FiveGoMadInDorset · 02/03/2019 19:25

Flowers splother

ShakeItOff2000 · 02/03/2019 19:25

Brandon Sanderson

StitchesInTime · 02/03/2019 19:41

Sorry about your grandad splother.

Flowers
DesdemonasHandkerchief · 02/03/2019 19:46

It's the right order of things but it doesn't make it any less painful to lose a loved grandparent, sad news splother.
Always the first thread I check too Havent it's really broadened my reading horizons and recaptured my reading mojo.
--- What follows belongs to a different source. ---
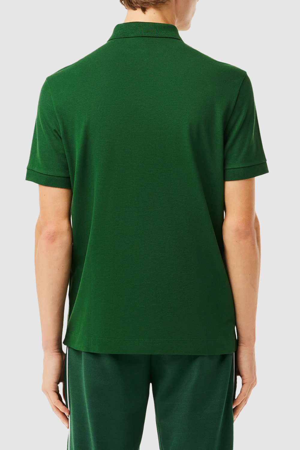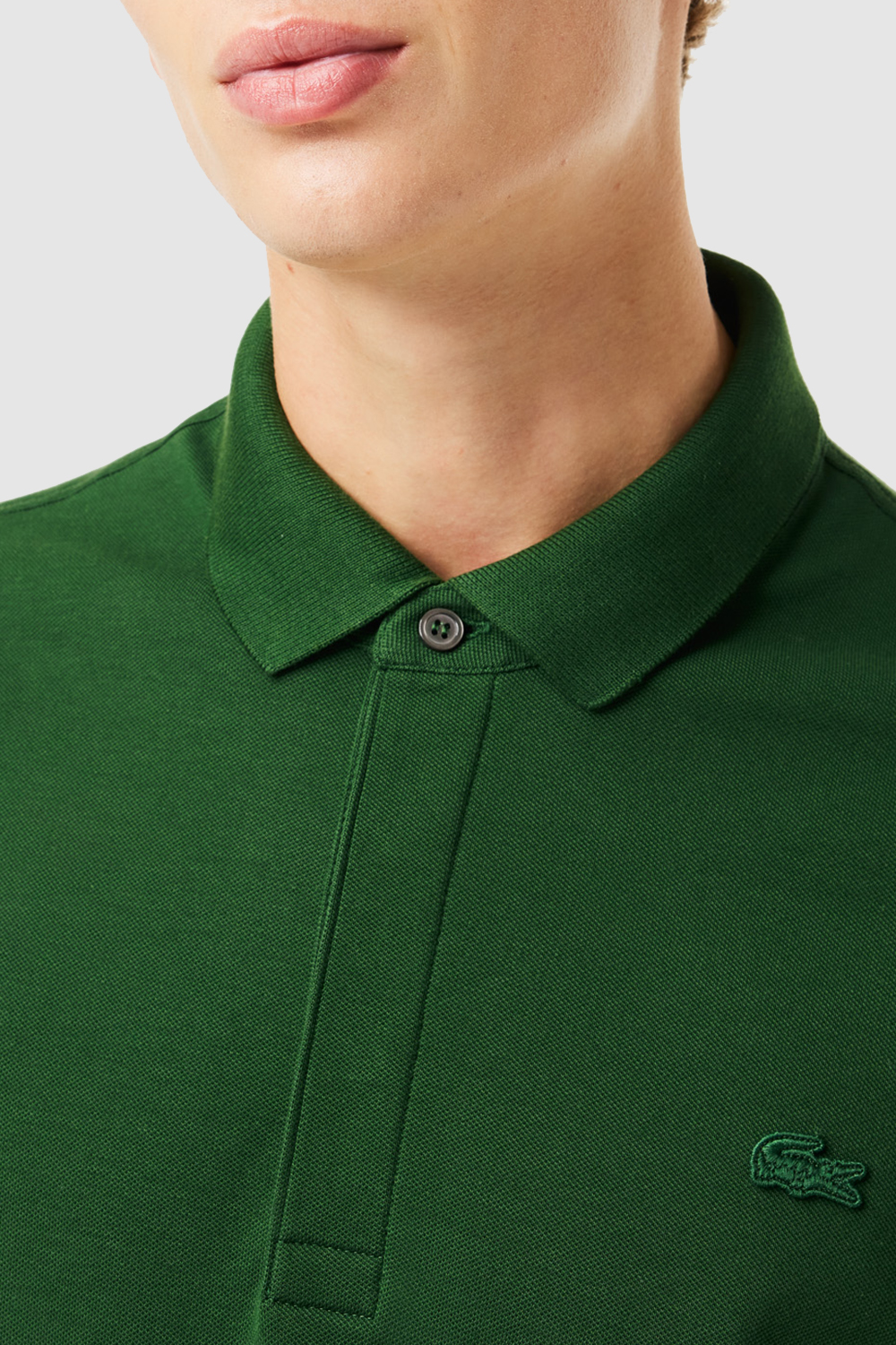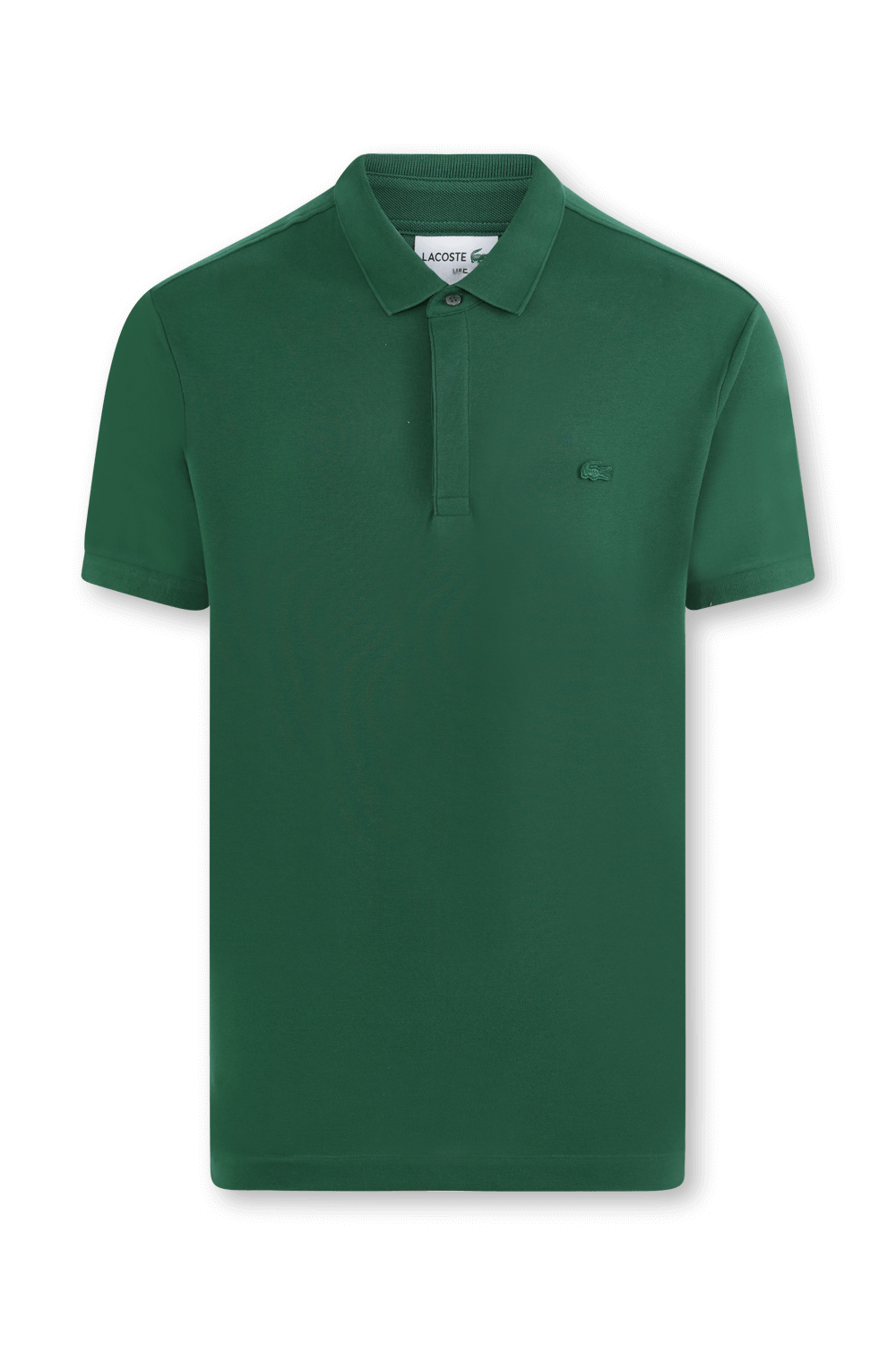 חולצת פולו קצרה מבית Lacoste, עשויה כותנה בצבע ירוק בשילוב פאץ' לוגו המותג בצד החזה.

FortunaMajor · 02/03/2019 19:49

toomuchsplother So sorry to hear about your Granddad Flowers

For anyone considering body donation www.hta.gov.uk/donating-your-body

The ending of Alias Grace was such a cop out. It ruined the book

  1. Partners in Crime (Tommy & Tuppence #2) by Agatha Christie (Audiobook)

Although I enjoyed this, I was disappointed. It lacked the energy and sheer joy of the first. She aged the characters significantly and instead of being caught up in an ongoing mystery, they are running a detective agency so it was written as a series of short stories for each individual case. I do like the characters but now won't be in a rush to finish the series.

I have banished Kevin back to the library for now as I have a Jane Eyre project in mind. A re-read, Wide Sargasso Sea and Reader, I Married Him in line soon.

I'm about halfway through The Good People by Hannah Kent and deliberately going slowly. I love her writing, every description to be savoured.

whippetwoman · 02/03/2019 20:24

Flowers Sad news about your Grandad toomuchsplother

MogTheSleepyCat · 02/03/2019 20:38

splother so sorry to hear of your loss.

MogTheSleepyCat · 02/03/2019 20:40

7. The Boy in the Striped Pyjamas - John Boyne Started and finished this today and this is my Goodreads review:

I read this in a day and really wasn't sure how to feel about it.

In some ways this is a softer introduction for younger readers to the atrocities of the Holocaust, but it is also widely inaccurate in its content and therefore dishonours the victims. I do not believe that Bruno could have been anywhere near as ignorant as he is depicted in the book and this irritated me.

The ending was pure artistic licence, which is fine in a work of fiction of course. However, I disliked that the reader was encouraged to side with the grief of the Nazi family. It left a bad taste.

Piggywaspushed · 02/03/2019 21:11

I always thought the Mr Men were a bit of a chore!

www.bbc.co.uk/news/uk-47426551#=

I love the bit where the man cautions against giving Steinbeck to primary children! Grin

SkirmishOfWit · 02/03/2019 21:21

The Mister Men are awful to read aloud! The worst. I love reading to the kids and will happily read most things but they always make me wince.

magimedi · 02/03/2019 22:09

Flowers splother.

When I was with my first grandchild as number 2 was making an appearance I must have read Mr Greedy at least 40 times in 10 days!

Anything for peace.

Can't tell you how happy (& how shared) that BBC article made me.